# Paphiopedilum thaianum



## Magicboy (Jun 2, 2008)

This is my new lover!


----------



## biothanasis (Jun 2, 2008)

I don't blame you!!!! It is very beautiful indeed!!!! The green marking is superb...


----------



## Elena (Jun 2, 2008)

Aww, cute lil bugger!


----------



## Candace (Jun 2, 2008)

I want one :<


----------



## PaphMadMan (Jun 2, 2008)

I could gaze into that beautiful green eye for hours...


----------



## Rick (Jun 2, 2008)

This is a very nice one I would also like to see in US collections.


----------



## NYEric (Jun 2, 2008)

:sob: Argh! So jealous!!! It sucks that we can't get those here! :wink: Well done, thanx for posting.


----------



## Greenpaph (Jun 2, 2008)

Very beautiful flowers and great photography!

:drool:


----------



## Jorch (Jun 2, 2008)

I want one too! Compact, nice color and shape, just perfect for my taste! :rollhappy:


----------



## swamprad (Jun 2, 2008)

Understandably so -- absolutely amazing!


----------



## smartie2000 (Jun 3, 2008)

nice photo too.
This one has very good shape to it


----------



## Faan (Jun 3, 2008)

I agree, the green marking on the white background is very nice. I also want one. We will have to ask Ernst Gunsenhauser to bring some with to the Paph Symposium in Pretoria in a month's time!!


----------



## paphioboy (Jun 3, 2008)

Very nice plant and pics... Now I can see how it differs from niveum...


----------



## Sangii (Jun 3, 2008)

so cute !:clap:


----------



## Corbin (Jun 3, 2008)

Just perfect except for its location.


----------



## NYEric (Jun 3, 2008)

Heh heh! :evil:


----------



## GuRu (Jun 3, 2008)

Magicboy,

Congrats to your plant and your photos - both are lovely and made my day.

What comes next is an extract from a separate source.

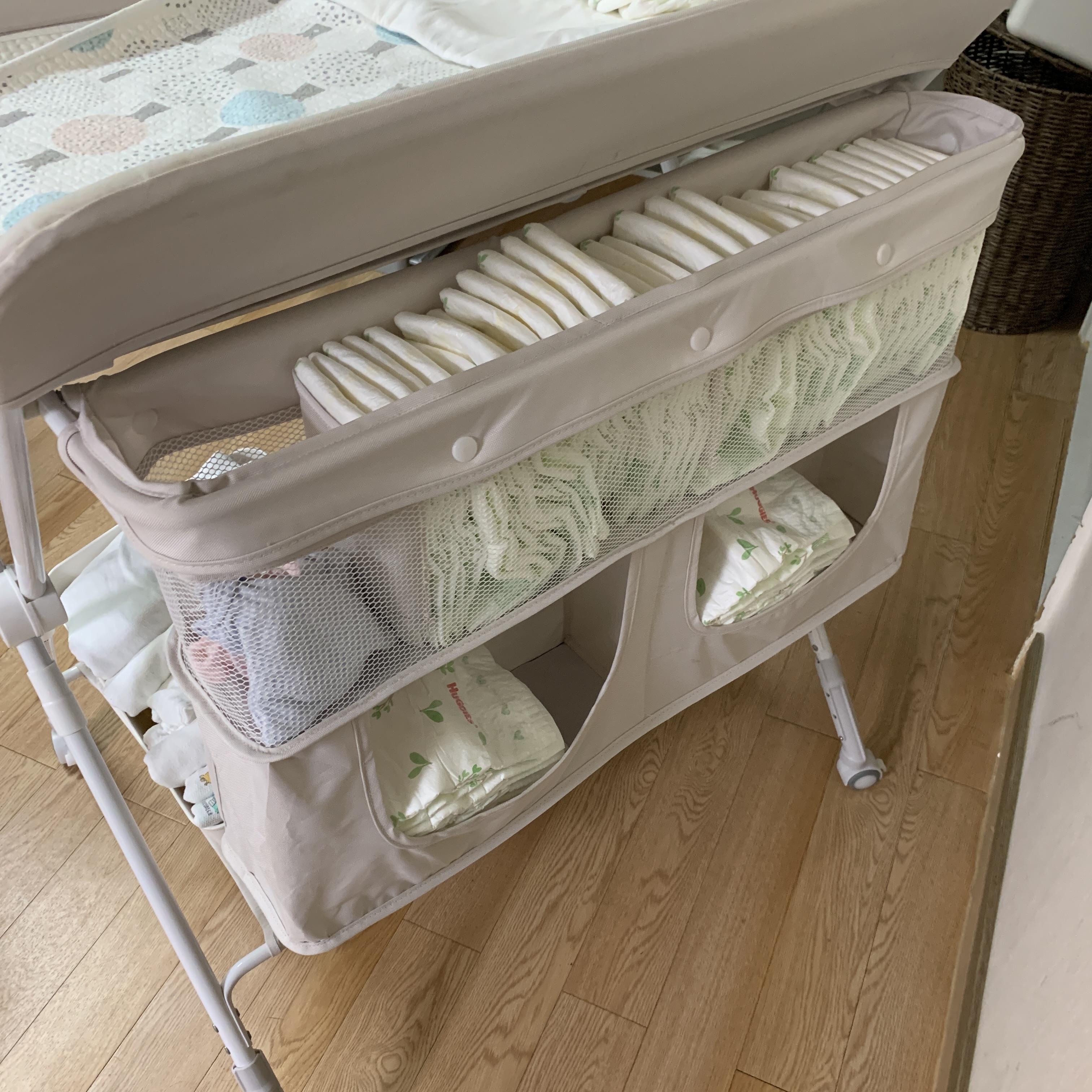 신생아 기저귀는 하루에도 몇번에서 몇십번씩 갈아줘야한다. 보통은 아이를 바닥에 눕혀서 기저귀를 가는데 계속해서 이렇게 반복되는 동작이 나오면 불편하다. 가뜩이나 산모는 출산 후 뼈도 비틀어지고 몸상태도 안좋은데 자칫하면 피로가 누적되어 몸이 상할수가있다. 기저귀 갈이대는 서서 기저귀를 갈 수 있기에 편하다. 아이를 기저귀갈이대 위에 눕힌 후 기저귀를 가는 용도로 제작 되었지만, 그 용도 외에 기저귀 파우치, 그리고 간단한 건조대, 수납함까지 있어서 다용도로 사용할 수 있고 바퀴가 달려있어 편하게 이동도 가능하다.

Best regards from Germany, GuRu


----------



## Paul (Jun 3, 2008)

Tiny and lovely!!


----------



## SlipperFan (Jun 3, 2008)

Very nice, indeed! Definitely on my wish list -- as in I wish we could import these!


----------



## JeanLux (Jun 4, 2008)

all has already been said !! beautiful bloom and plant!!! Jean


----------